The headphones don't fold up, but they do fold flat -- and by flat, I mean really flat. While the included carrying case is fairly large in terms of height and width, since the headphones fold so flat there isn't much depth to the package. It stows away nicely in a laptop bag or backpack, or potentially your suitcase.
The headphones have a detachable cable, which is nice, though you do have to detach that cable to get the headphones to fit properly in the case. Luckily, the headphones' designers have been thoughtful enough to include an interior pocket in the case for storing that cable.
Overall, I really liked the sound of these headphones. I tend to like well-balanced, "accurate" headphones, and the Classic fits that profile, with detailed sound and bass that's plump and pleasant but not overreaching. For closed-back headphones, the sound feels open and not canned at all. There's a bit of restraint in the treble, so you're not going to get that edgier detail of "faster," more aggressive headphones that push the treble harder. I wouldn't call these laid-back, but they're fairly warm and I tried them out with a variety of music and came away feeling that they were quite versatile. That said, if you're someone who wants headphones that can deliver a more thumping bass, the Classic may not quite satisfy you.

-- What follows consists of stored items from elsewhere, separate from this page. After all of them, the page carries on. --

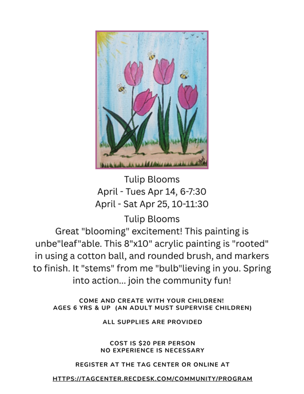 Sign up online or in person at the TAG Center https://tagcenter.recdesk.com/Community/Program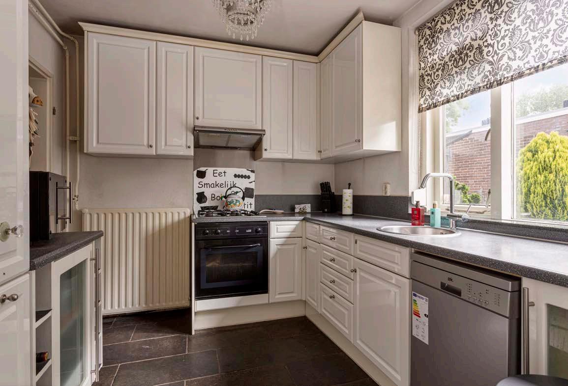 De dichte keukenruimte is voorzien van een keuken in dubbele opstelling met diverse apparatuur, zoals een gasfornuis met oven, afzuigkap, vaatwasser en een koelkast. Grenzend aan de keuken bevindt zich de praktische bijkeuken met aansluiting voor de wasapparatuur. Daarnaast verleent de bijkeuken toegang tot zowel de tuin als de inpandige garage.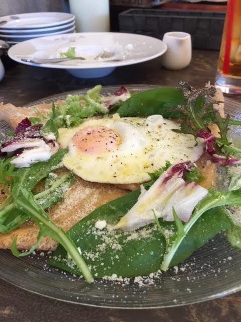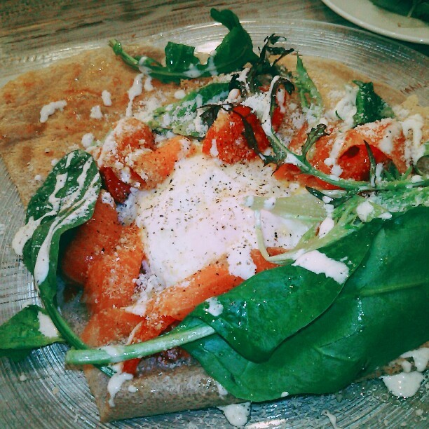 ランチに行きました!! 満席で少し待ちました。次から次へと車がはいってきてびっくりしました。 スモークサーモンとトマトのガレットを食べました♪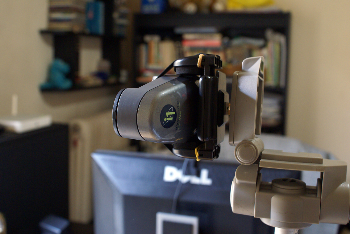 If for example, your only need is to calibrate the tv or projector, then you don’t need anything else beyond the i1 Pro and initialize the plate. Download and HCFR in 2.0 that supports him and you’re ready to start! You will miss only one accessory: the so-called tripod holder that stabilizes the i1 Pro tripod for measurements from a projector screen or from a tv LCD or Plasma. The patents that you can do it a lot, here in the photo you see one our own patent for our own i1 Pro. Has used a basis for mobile phone in the car, and a small piece of rubber strap, on whose edges are stitched two small hooks.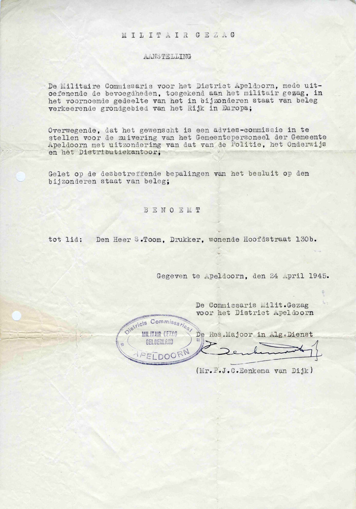 aanstellingsbrief op naam van S. Toom tot lid advies...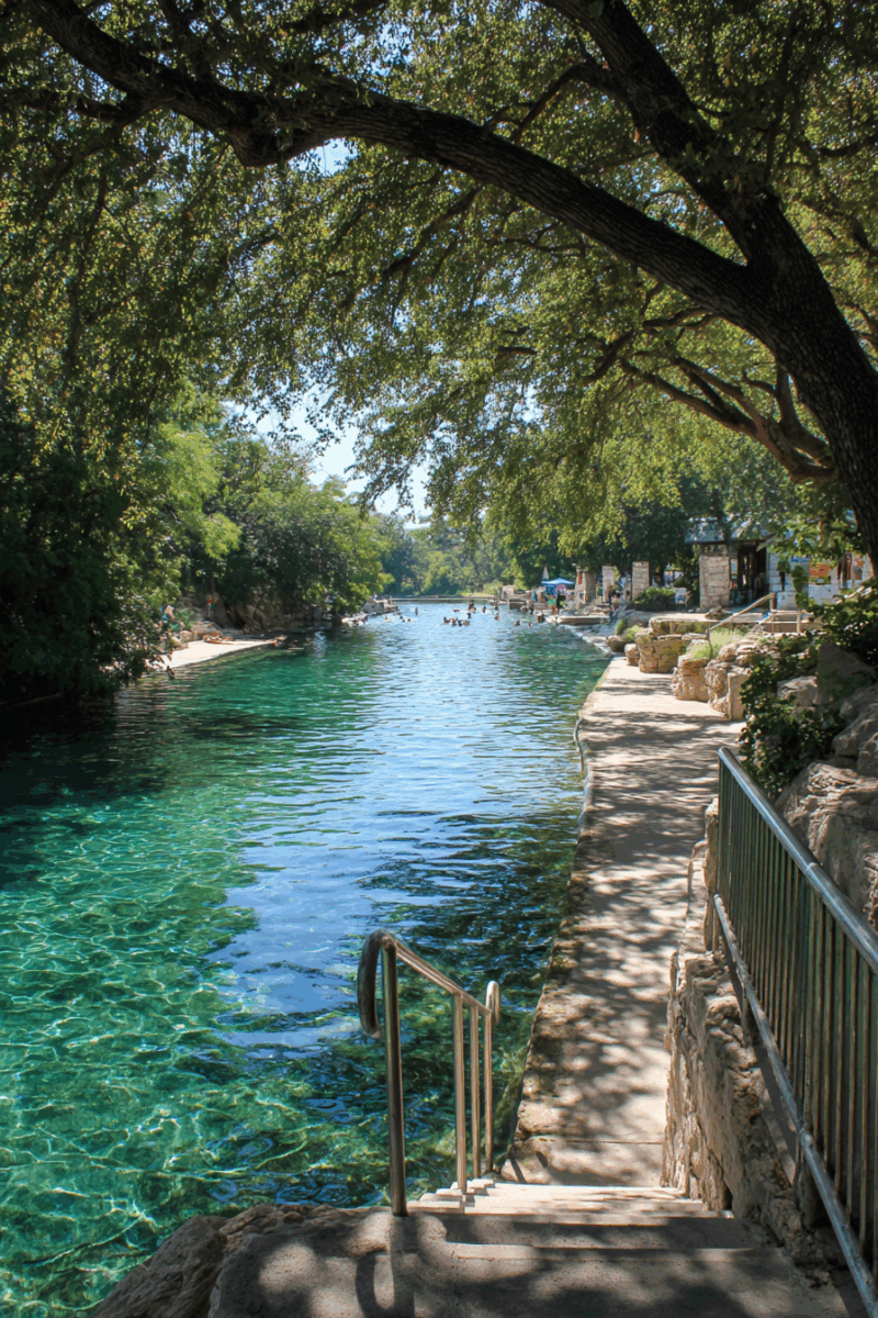 The pool stretches nearly 1,000 feet long, giving you plenty of space to swim laps, float leisurely, or just wade in the shallows while soaking up that famous Texas sunshine.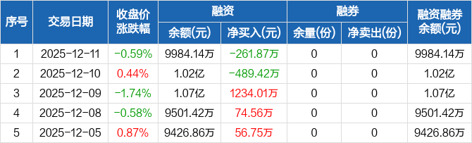 港股通科技30ETF:融资净偿还261.87万元,融资余额9984.14万元(12-11)

At $199.95, the Harman Kardon Classic headphones are fairly pricey. But when you combine their impressive fit and finish and sound quality, they actually seem fairly reasonably priced compared with the competition. I compared this model with the $199.99 Bowers & Wilkins P3 headphones, which I also like, and came away feeling that the Classics were better and offered slightly richer sound, measuring up well against the $300 B&W P5 model. I also put the Classic pair up against the Audio-Technica ATH-M50 headphones, which are one of CNET's highest-rated over-the-ear models and a relative bargain at their $160 price. The ATH-M50s had the slight edge in sound quality (a little more bass, a little more detail), but the Classics have that built-in microphone and iaredesigned for both home and mobile use, whereas as "studio monitor" headphones, the ATH-M50s are more for home or office use.
For those considering Harman Kardon's step-up Bluetooth Wireless Over-Ear Headphones ($249.95), alas, I haven't tried them yet, but I'd venture to guess that the Classic earphones sound better. And despite my small quibbles about their comfort level, I have no problem recommending them.